Exercise directions =>
Below are the records; repeat exactly their lines between the line holding "Classification of isolates" and the line holding "新学期已过半,2023级的同", inclusive, skipping the pictures.

Source information =>

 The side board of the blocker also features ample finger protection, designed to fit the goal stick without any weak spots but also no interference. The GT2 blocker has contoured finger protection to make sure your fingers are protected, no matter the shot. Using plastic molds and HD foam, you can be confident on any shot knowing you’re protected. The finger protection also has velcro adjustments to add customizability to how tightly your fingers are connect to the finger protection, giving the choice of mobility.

* * *

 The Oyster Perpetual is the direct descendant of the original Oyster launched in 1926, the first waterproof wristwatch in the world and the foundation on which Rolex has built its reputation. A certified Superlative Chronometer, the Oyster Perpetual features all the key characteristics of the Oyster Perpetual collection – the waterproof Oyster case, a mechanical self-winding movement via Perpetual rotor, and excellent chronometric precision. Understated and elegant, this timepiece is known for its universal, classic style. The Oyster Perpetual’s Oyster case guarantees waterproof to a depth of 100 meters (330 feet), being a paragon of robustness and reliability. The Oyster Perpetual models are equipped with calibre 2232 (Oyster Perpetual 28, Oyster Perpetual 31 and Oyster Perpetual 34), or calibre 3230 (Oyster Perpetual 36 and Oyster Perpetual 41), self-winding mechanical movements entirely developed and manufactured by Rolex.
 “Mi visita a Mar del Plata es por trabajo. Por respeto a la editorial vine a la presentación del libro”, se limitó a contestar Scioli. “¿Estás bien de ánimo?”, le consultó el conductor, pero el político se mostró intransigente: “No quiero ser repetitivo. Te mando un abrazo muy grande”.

---

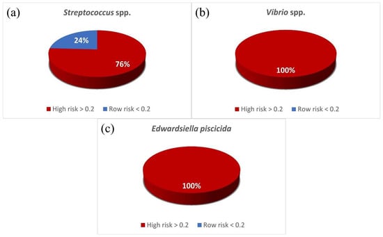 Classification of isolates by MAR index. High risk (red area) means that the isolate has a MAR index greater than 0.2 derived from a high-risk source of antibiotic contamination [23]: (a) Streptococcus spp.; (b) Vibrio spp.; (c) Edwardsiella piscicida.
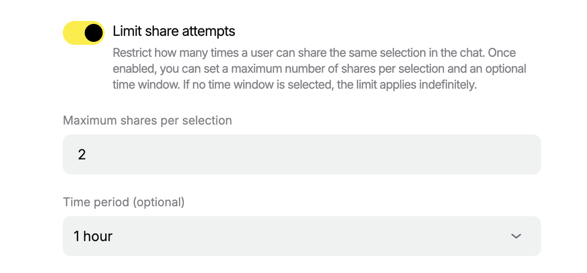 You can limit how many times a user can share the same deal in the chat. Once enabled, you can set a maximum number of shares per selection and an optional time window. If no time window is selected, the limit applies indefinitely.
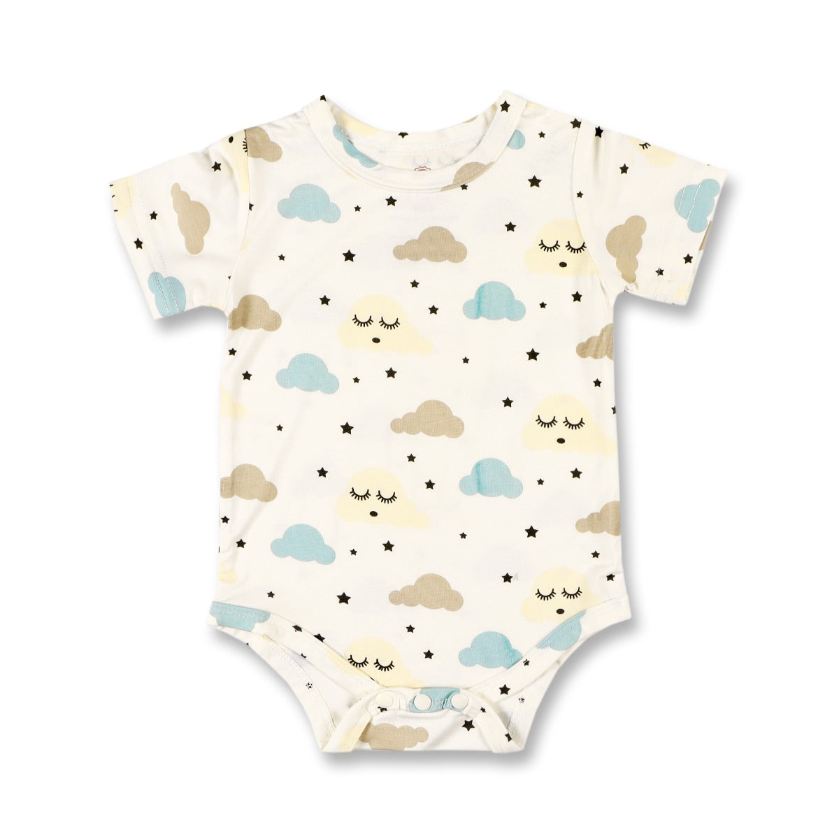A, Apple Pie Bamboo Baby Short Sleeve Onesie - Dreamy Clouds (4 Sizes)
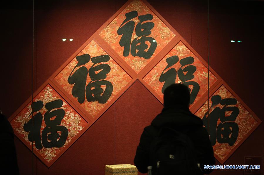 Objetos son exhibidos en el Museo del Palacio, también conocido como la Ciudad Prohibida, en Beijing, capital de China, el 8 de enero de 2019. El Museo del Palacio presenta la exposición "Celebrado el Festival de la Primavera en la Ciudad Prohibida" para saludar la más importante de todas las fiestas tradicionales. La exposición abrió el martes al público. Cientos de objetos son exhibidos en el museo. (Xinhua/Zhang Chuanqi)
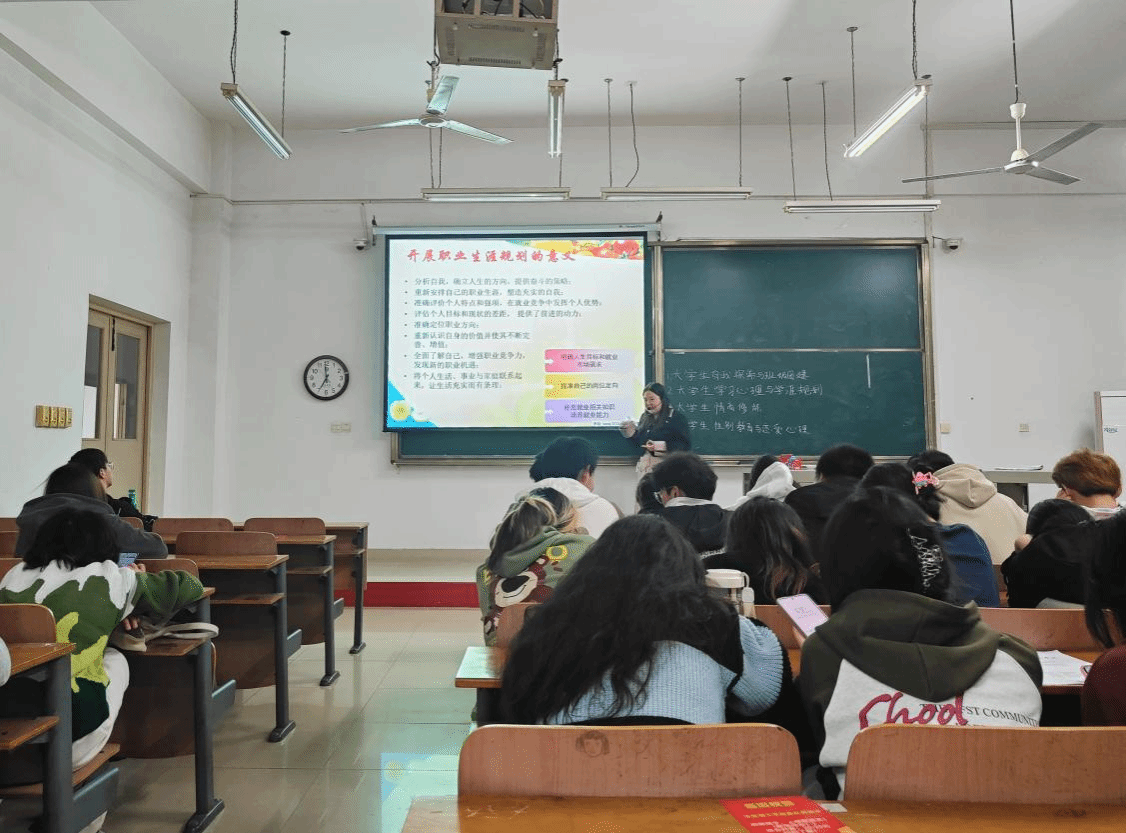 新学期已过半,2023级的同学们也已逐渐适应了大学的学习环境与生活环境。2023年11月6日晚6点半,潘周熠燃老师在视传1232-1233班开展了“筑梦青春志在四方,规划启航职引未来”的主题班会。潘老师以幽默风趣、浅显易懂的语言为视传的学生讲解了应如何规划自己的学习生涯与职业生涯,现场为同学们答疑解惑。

Result of this task =>
 Classification of isolates by MAR index. High risk (red area) means that the isolate has a MAR index greater than 0.2 derived from a high-risk source of antibiotic contamination [23]: (a) Streptococcus spp.; (b) Vibrio spp.; (c) Edwardsiella piscicida.
 You can limit how many times a user can share the same deal in the chat. Once enabled, you can set a maximum number of shares per selection and an optional time window. If no time window is selected, the limit applies indefinitely.
A, Apple Pie Bamboo Baby Short Sleeve Onesie - Dreamy Clouds (4 Sizes)
 Objetos son exhibidos en el Museo del Palacio, también conocido como la Ciudad Prohibida, en Beijing, capital de China, el 8 de enero de 2019. El Museo del Palacio presenta la exposición "Celebrado el Festival de la Primavera en la Ciudad Prohibida" para saludar la más importante de todas las fiestas tradicionales. La exposición abrió el martes al público. Cientos de objetos son exhibidos en el museo. (Xinhua/Zhang Chuanqi)
 新学期已过半,2023级的同学们也已逐渐适应了大学的学习环境与生活环境。2023年11月6日晚6点半,潘周熠燃老师在视传1232-1233班开展了“筑梦青春志在四方,规划启航职引未来”的主题班会。潘老师以幽默风趣、浅显易懂的语言为视传的学生讲解了应如何规划自己的学习生涯与职业生涯,现场为同学们答疑解惑。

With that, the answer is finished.